Riding the Elliott Waves

In the 1930's, an accountant named Ralph Nelson Elliott put forward what was then a radical idea. He proposed that markets - including the forex market, though he didn't mention it explicitly - move predictably because buyers and sellers act in a predictable manner as well. His idea became known as the Elliott Wave theory or the Elliott Wave principle and has become a fundamental idea in the study of markets and investor behavior. According to Elliott, any movement in the market happens in a series of waves, known as Elliott waves, each one a phase with distinct characteristics.

The first Elliott wave in the five-wave pattern is usually the least noticeable. It represents the initial move of the stock or of the commodity upwards. This wave is often caused by just a limited number of people who, for one reason or another, decide to invest or buy forex. Their actions eventually cause the prices to rise.

The second wave of the five-wave pattern obviously follows the first one, and is usually caused by people selling off stock or currencies, or otherwise reconsidering the decision they made during the time of the first wave. This spate of selling causes prices to decline once more. However, since not everybody sells off the shares or the currencies that they purchased, the price doesn't reach as low a point as when it started out.

The third wave is oftentimes the largest and most dominant of all five, and it goes hand in hand with Elliott's beliefs on people and the natural herding instinct, even when investing. The third wave represents the time when the public or the mass market hears about the stock, currency or commodity and suddenly takes interest. This is usually influenced by the initial interest shown by the investors of the first wave. A lot of buying and selling activity happens during the third wave, and the price nearly always reaches a peak that surpasses that of the first wave.

The fourth wave shows a brief dip in the prices of the stocks, currency or commodity. This is caused by the choice of some individuals to sell while the price is at a high point and thus make a profit.
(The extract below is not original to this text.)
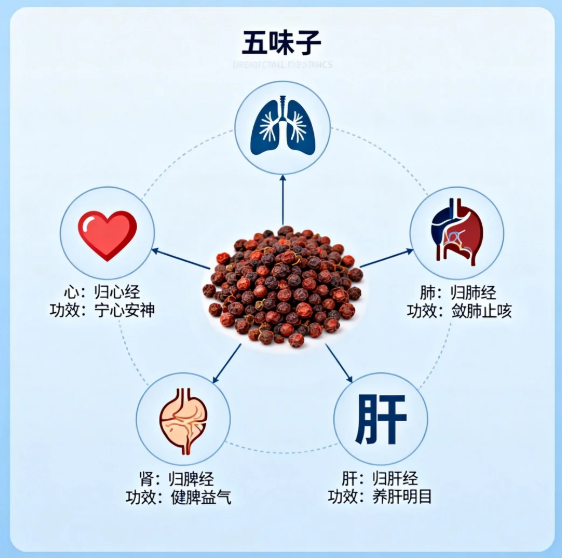五味子性溫,味酸甘,歸肺、心、腎經。其核心功效是 “收斂固澀,益氣生津,補腎寧心” 。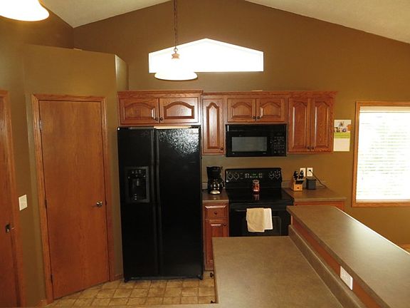 Ranch Walkout home resting in an excellent Northwest neighborhood. Step in to the spacious main floor with a very open floor plan, accented by large vaulted ceilings. Kitchen houses stylish black appliances, a comfortable breakfast bar, and a corner pantry closet. Main floor laundry is in a convenient location just off the kitchen. Living room features a massive South facing window to let in wonderful natural light. Main floor also houses two bedrooms including the master bedroom with walk in closet and a full bath. Bright and spacious lower level features an enormous walkout family room with an appealing gas fireplace and built in surround sound, a plentiful 3rd bedroom, and a second full bath. There is great separation between the backyard neighbors as this home backs up to a city greenway and it's easy to keep green grass with the sprinkler system. **Pictures are for marketing purposes only and not representative of items which remain with the sale and transfer of property.**

This wave is, as has been mentioned, very short.

The fifth wave, like the third wave, goes hand in hand with Elliott's idea of the herding instinct in investing. The news and the public views about the stock, currency or commodity are already widespread and almost completely positive by this point. The buying activity in this wave is mostly fueled by hype, and this is the time when many average investors decide to join the bandwagon. This wave usually contains the highest point of the price of the stock, commodity or currency.

Elliott's idea hasn't been universally accepted to this day and many still refute it. The concept is, nonetheless, based on reasonable premises and has been proven to apply to many cases.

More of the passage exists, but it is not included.